Could anything more unlikely, more monstrous, be well imagined than that sugar, our priceless fuel, the chief source of all our energy and heat, should suddenly refuse to burn in our body furnace as if it were slate instead of anthracite? Yet this is literally what happens in this strange malady, diabetes. If we can’t digest sugar, it’s no use to eat starch, because all the starch we eat — bread, rice, cereals, puddings, potatoes — has to be turned into sugar — glucose — before we can burn it in our muscles. Our body engine is a sugar motor.

But for the luckless diabetic, it is a case of sugar, sugar everywhere, but never a scrap to burn. His problem is a distressing and difficult one — how safely to cut out of his diet the one fuel which normally gives him nearly two-thirds of his energy for work and for life. But Nature is a wise and resourceful old mother. And, aided by reasonable regulation of the diet, a sort of tightrope balance is caught and held.
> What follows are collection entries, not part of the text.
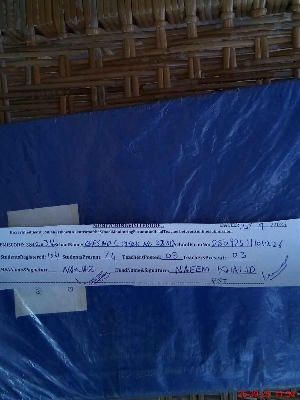 | Attendance Register | Head Teacher | MEA with School | Visit Proof |
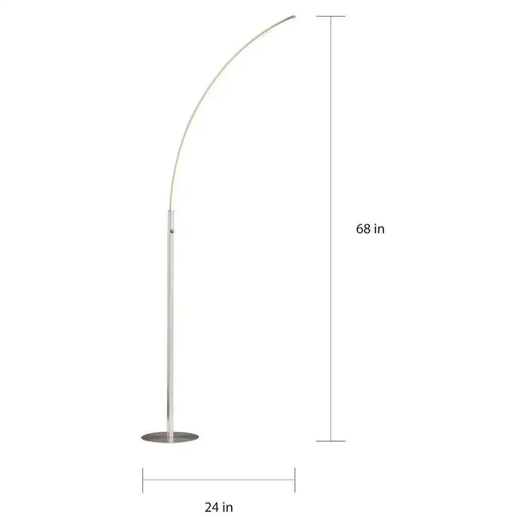 Brighten up any space with the Horizon LED Arch Floor Lamp. This floor lamp boasts a sleek brushed nickel finish and comes with a convenient dimmer switch. Its arched design adds a stylish touch to any room while providing ample lighting.Features:
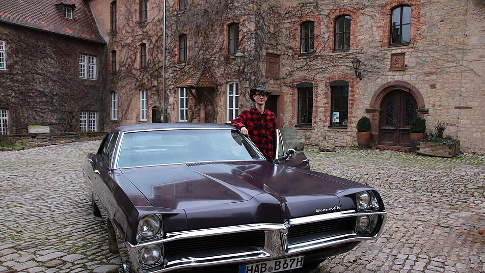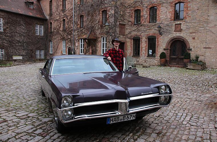 Mit einem dumpfen Donnergrollen kündigt sich "Bonnie" an: Noch bevor der 53 Jahre alte Pontiac-Bonneville von Benedikt Scheller zu sehen ist, wummert der V-8-Motor. Wenn der 23-Jährige durch Stadt und Land cruist, sind ihm die Blicke von Passanten sicher: Der aubergine-farbene Ami-Schlitten mit schwarzem Vinyl-Kunstleder-Dach, Baujahr 1967, erinnert an Filme aus der besten Hollywood-Zeit. Tatsächlich ist der Oldtimer auch aus den USA importiert. "Ich habe den Anfang 2018 im Internet gesehen", erzählt Benedikt Scheller, und: "Es war Liebe auf den ersten Blick, sowas kann man mit keiner Frau haben."
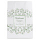 Vignes à fleurs blanches entourent le message de bienvenue.
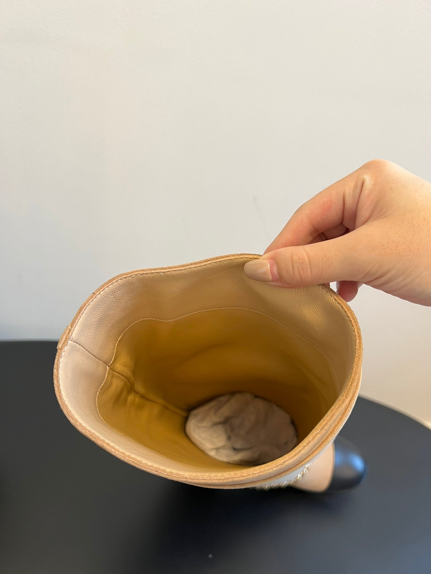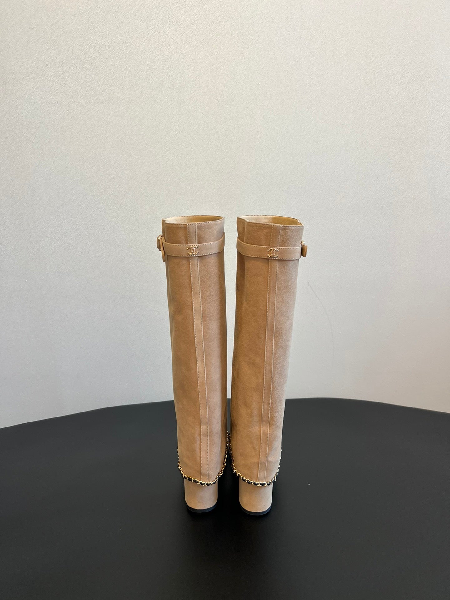 CC Hight Boots Dark Beige With Chain Suede And Cowhide 944969
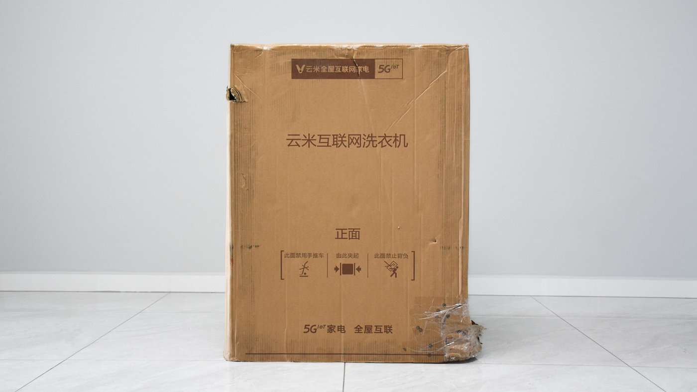 这台洗衣机采用传统的瓦楞纸包装箱,大件家电的包装方式比较方便开箱,剪掉扎带并向上把箱体拿开就好了。收到产品的时候箱子有些许破损,但箱内有厚实的塑料泡沫填充,产品毫发无伤。
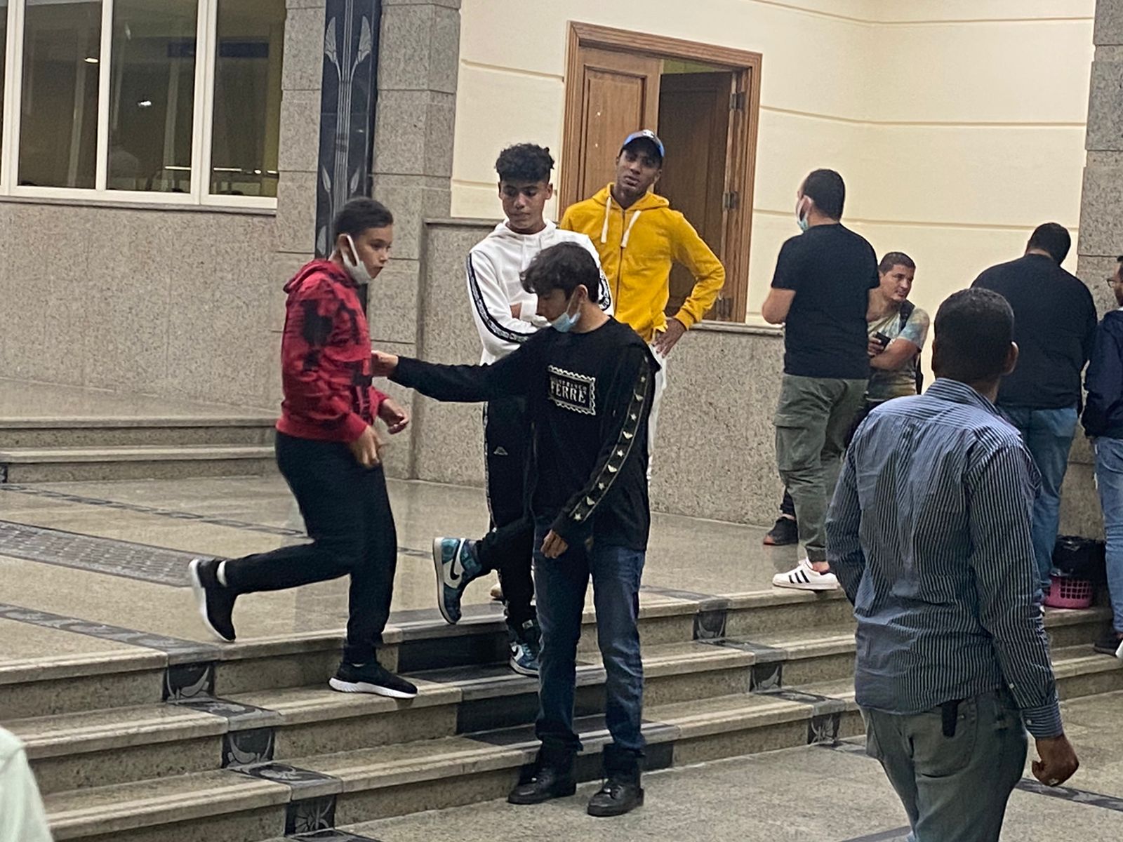 ويأتي ذلك بعدما حاولوا الصعود إلى المقصورة، لمتابعة المباراة من الأعلى، الأمر الذي أدى إلى وجود مشادة بين الطرفين.

And there the matter has hung for centuries even though every conceivable change has been rung upon modifications of diet and drink, but without much success, except in delaying the course of the disease and making the patient’s condition more comfortable.

But a few decades ago our knowledge of the chemistry of our bodies and of that marvelously efficient and ingenious stream of backward and forward interchanges between our food and our body stuffs, our work and our wastes, our buildings up and our breakings down, which we term metabolism, had become sufficiently accurate to enable us to attack the disease from the other end of the line, so to speak. We are now happily able to announce the first positive step toward the answer of the fateful riddle, one that gives new hope to all diabetics.
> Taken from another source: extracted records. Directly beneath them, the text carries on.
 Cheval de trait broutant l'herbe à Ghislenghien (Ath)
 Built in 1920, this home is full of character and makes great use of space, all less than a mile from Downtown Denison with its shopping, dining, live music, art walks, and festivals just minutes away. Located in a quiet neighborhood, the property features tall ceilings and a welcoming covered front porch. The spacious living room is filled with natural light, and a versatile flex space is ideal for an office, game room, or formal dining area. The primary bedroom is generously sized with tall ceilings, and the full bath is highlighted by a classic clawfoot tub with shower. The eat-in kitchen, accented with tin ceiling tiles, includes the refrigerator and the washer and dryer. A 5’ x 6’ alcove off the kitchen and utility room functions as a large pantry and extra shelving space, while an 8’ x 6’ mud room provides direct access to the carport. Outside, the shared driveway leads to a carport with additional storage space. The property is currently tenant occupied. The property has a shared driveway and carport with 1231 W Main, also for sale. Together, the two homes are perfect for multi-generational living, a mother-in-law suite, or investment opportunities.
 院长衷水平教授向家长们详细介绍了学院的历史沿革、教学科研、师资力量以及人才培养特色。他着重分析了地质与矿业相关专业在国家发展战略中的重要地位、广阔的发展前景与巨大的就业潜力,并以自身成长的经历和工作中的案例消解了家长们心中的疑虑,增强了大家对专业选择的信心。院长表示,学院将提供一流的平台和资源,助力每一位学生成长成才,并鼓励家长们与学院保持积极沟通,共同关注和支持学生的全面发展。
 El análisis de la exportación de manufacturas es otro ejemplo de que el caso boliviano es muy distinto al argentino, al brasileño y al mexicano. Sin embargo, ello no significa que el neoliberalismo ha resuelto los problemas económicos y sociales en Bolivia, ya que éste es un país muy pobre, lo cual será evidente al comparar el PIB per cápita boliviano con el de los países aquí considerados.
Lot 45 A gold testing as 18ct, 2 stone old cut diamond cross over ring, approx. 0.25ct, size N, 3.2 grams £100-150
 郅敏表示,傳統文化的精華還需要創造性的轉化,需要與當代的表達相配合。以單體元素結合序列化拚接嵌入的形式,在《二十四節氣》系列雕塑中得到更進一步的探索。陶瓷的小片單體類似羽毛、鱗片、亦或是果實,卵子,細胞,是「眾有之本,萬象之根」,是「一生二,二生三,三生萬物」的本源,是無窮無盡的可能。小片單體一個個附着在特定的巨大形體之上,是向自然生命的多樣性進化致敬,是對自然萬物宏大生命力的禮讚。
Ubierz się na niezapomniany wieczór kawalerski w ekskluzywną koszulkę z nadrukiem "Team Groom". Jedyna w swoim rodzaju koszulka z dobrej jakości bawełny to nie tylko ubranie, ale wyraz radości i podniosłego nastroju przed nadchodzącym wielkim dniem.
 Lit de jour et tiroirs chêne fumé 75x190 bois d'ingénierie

This is no less than the discovery of the hormone which enables our bodies to burn sugar and whose absence makes us diabetic. And what is of vital practical value, this hormone, procured from the bodies of animals and injected into the veins of diabetics, will clear their blood of surplus sugar, enable them to digest an almost normal amount of starch and sugar in their diet, and greatly improve their condition in any respect. Some patients, in fact, have already regained their normal weight and strength and gone back to work on an ordinary diet.
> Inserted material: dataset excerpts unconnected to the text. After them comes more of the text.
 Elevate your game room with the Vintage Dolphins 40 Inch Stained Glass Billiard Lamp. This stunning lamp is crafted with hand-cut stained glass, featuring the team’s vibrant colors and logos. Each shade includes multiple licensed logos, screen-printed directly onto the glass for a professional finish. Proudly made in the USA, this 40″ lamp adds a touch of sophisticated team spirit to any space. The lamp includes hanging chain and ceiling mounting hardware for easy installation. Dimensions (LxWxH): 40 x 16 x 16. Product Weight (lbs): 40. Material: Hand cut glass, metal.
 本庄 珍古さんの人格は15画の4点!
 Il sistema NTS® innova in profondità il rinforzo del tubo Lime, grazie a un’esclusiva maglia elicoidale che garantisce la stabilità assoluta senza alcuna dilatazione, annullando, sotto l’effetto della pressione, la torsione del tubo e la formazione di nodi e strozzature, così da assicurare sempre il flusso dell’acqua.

It is, of course, far too soon even to mention the word cure in a long-lasting and obstinate disease like diabetes. All that can be claimed is marked temporary improvement, and to raise false hopes of anything further in the bosoms of our quarter of a million diabetics in the United States would be deplorable. But we can fairly say that this improvement is of a different type from any won before, and that, whatever its permanent effects, the new remedy is almost sure to be a great practical addition to our methods of treating the malady.

The first page of the Post article, Clearing the Skies for the Sugar-Poisoned"
Read “Clearing the Skies for the Sugar-Poisoned” by Woods Hutchinson from the June 9, 1923, issue of the Post.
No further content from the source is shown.